Шахта - Антти Туомайнен 16 стр.


– Я хотел сказать, что в жизни случаются моменты, когда… – он начал подыскивать подходящее слово, понимая, что не справится, – хочется увидеть, что было, что есть и что останется. В общем-то всегда это связано с людьми. Не могу сказать лучше или складнее.

Янне посмотрел на улицу, потом опять на него. До этого момента все шло лучше, чем он предполагал.

– Тридцать лет, – сказал Янне. – Это много.

– Много для чего?

– Для того, чтобы осталось что-нибудь, чтобы осталось хоть что-то.

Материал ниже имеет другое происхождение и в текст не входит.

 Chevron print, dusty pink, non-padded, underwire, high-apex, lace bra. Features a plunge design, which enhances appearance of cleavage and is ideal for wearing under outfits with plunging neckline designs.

Пожалуй, Эмиль обрадовался понапрасну.

– Извини, если тебе кажется…

– И опять ты извиняешься.

– Извиняюсь – да. Мне кажется, что тридцать лет – это не слишком много. Это совсем даже немного.

Янне покачал головой.

– Не знаю, что здесь хуже всего. Ты хоть понимаешь, в какой ситуации я нахожусь?

– Я знаю, каково это – потерять семью.

– Потерять? Но ведь ты как раз-таки ничего не потерял! Ты оставил нас. Ты… У меня просто нет слов. Откуда мне знать, кто ты такой?

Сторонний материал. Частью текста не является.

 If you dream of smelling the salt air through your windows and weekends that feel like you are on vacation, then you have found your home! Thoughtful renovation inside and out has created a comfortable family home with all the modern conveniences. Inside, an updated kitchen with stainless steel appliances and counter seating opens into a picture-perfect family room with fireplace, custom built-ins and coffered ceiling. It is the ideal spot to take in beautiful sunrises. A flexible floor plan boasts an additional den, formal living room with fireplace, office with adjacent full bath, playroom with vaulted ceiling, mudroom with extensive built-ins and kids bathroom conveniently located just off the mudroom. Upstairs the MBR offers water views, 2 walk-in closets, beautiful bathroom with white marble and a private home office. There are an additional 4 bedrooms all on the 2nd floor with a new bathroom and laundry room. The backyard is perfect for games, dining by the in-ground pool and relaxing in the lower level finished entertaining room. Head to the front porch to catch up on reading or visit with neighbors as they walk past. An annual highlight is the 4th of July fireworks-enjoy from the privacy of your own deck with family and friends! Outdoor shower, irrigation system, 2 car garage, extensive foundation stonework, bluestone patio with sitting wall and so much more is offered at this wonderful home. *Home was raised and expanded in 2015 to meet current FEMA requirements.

– Я знаю ощущение одиночества.

– Что тебе нужно?

Забыть. Помнить.

– Быть твоим отцом.

Появилась официантка, собрала тарелки, оставила кофейник с чашками. Эмиль налил обоим. Такими обыденными могут быть только самые важные моменты. С жизнью ничего не происходит, когда стреляет шампанское, – она просто рвется на части, солнце и звезды начинают светить иначе. Ты садишься в автобус, едешь по дождливому городу или моешь посуду с болью в спине, и в этот момент тебе звонят, и останавливается сердце, потому что именно в такие моменты твой спутник, которому ты доверял все эти годы, рассказывает за ужином, что нашел другого хорошего человека и что завтра съезжает от тебя.

Он не хотел навязываться, но позволить этому моменту уйти в небытие, утратить, возможно, единственный шанс Эмиль тем более не мог.

– Скажи, что ты можешь предложить мне как отец? – спросил Янне. – Научишь меня разным способам умерщвлять людей?

Вопрос был циничным, он звучал как удар ниже пояса.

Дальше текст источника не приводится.